Economic first responders: CDFIs, the unsung heroes of Appalachian financial services

Just when Julie Wilkins was ready to quit the food service industry, she saw a new path ahead: owning a restaurant.
Haney’s Restaurant, which she helped establish and poured her heart and soul into as a manager, was up for sale. Wilkins’ mentor, who owned the space, encouraged her to purchase it, but she could not obtain a small business loan due to her poor credit score. And then she began to run out of time.
“I could not wait for them to make me jump through the many hoops that most of those lenders put you through,” says Wilkins.
Shortly before the deadline to purchase the property expired, Wilkins connected with Mountain Bizworks, a community development financial institution, or CDFI, based in Asheville, North Carolina. Mountain Bizworks helped her access funding and make her dream come true.
A few years later, Wilkins’ staff is serving up her favorite chicken-fried chicken, meatloaf and other Southern comfort food in a restaurant that now bears her name: Julie’s Place.
“Mountain Bizworks was a godsend,” says Wilkins.
A long history and uncertain future
CDFIs like Mountain BizWorks are place-based, mission-oriented credit unions, banks, loan funds, venture capital providers or microloan funds that support economic growth and stability in traditionally underserved or overlooked communities.
“That’s a designation by the U.S. Department of the Treasury,” says Christine Laucher, strategic partnership manager and southwestern regional manager at Mountain BizWorks. Qualifying CDFIs must direct 60% of their financing to specific regions or targeted populations, such as low-income communities or specific ethnic or racial populations.

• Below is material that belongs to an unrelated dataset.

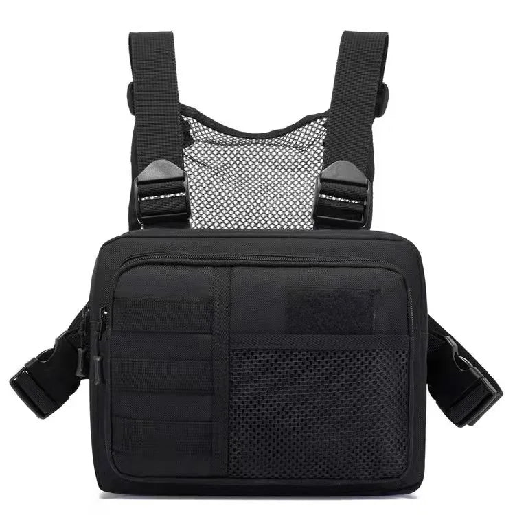 This chest bag is designed for men who value functionality and streetwear style. It can be worn as a chest rig or waist pack, making it versatile for various activities.
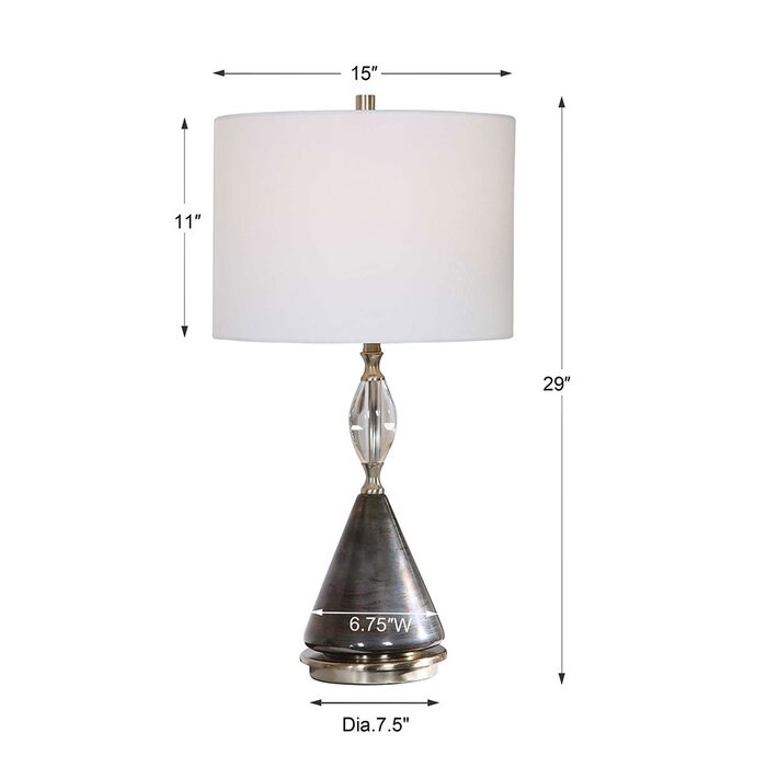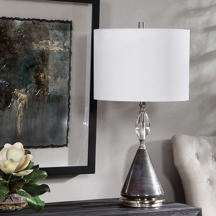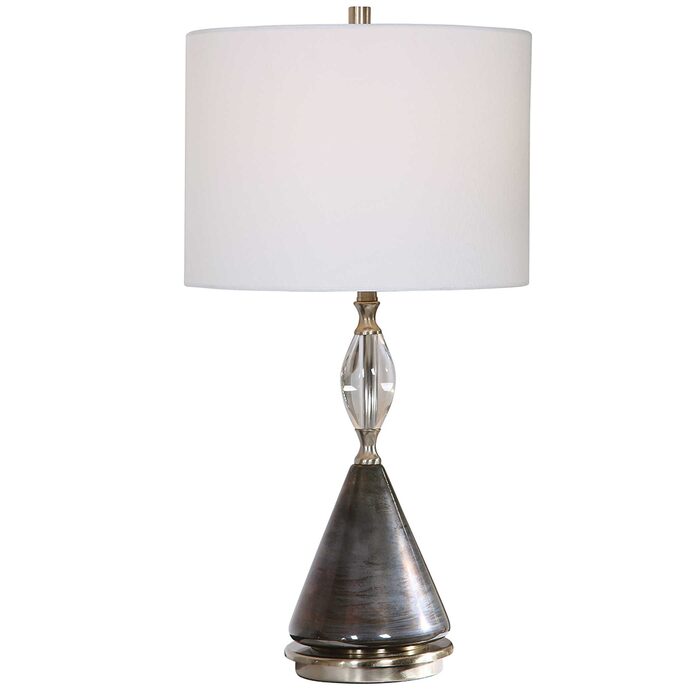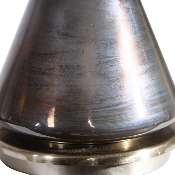 This table lamp features a cone glass base that's finished in a plated, iridescent, oxidized dark bronze that's paired with brushed nickel details and a decorative crystal egg ornament.

Laucher says CDFIs were designed to “fill in the capital gap” for individuals and businesses that have difficulty accessing traditional financing. From affordable housing projects to personal debt consolidation, CDFIs can help turn a “no” into a “yes” for those who need it most.
“We will take the time to work with folks that need extra help,” says Bill Greenleaf, executive director of impact lending at Locus, a Virginia-based CDFI. “The actual projects are viable. They just may not have a lot of experience or money in the bank to provide support if something goes wrong.”
Clint Gwin, president and CEO of Pathway Lending, a Nashville-based CDFI, describes CDFIs as an “old industry” with a “new brand.”
“If you look at our history over time, CDFIs have gone into markets that no one wanted to serve,” says Gwin. “It’s been a successful model for a long time. It is now more formalized.”
Revolving loan funds, peer-to-peer lending and other ways of economically supporting vulnerable populations have existed for hundreds of years. The modern CDFI industry emerged in response to redlining, a practice where banks routinely denied financial services in racially and ethnically diverse communities, according to a report from the CDFI Finance Network, the country’s leading network of CDFIs.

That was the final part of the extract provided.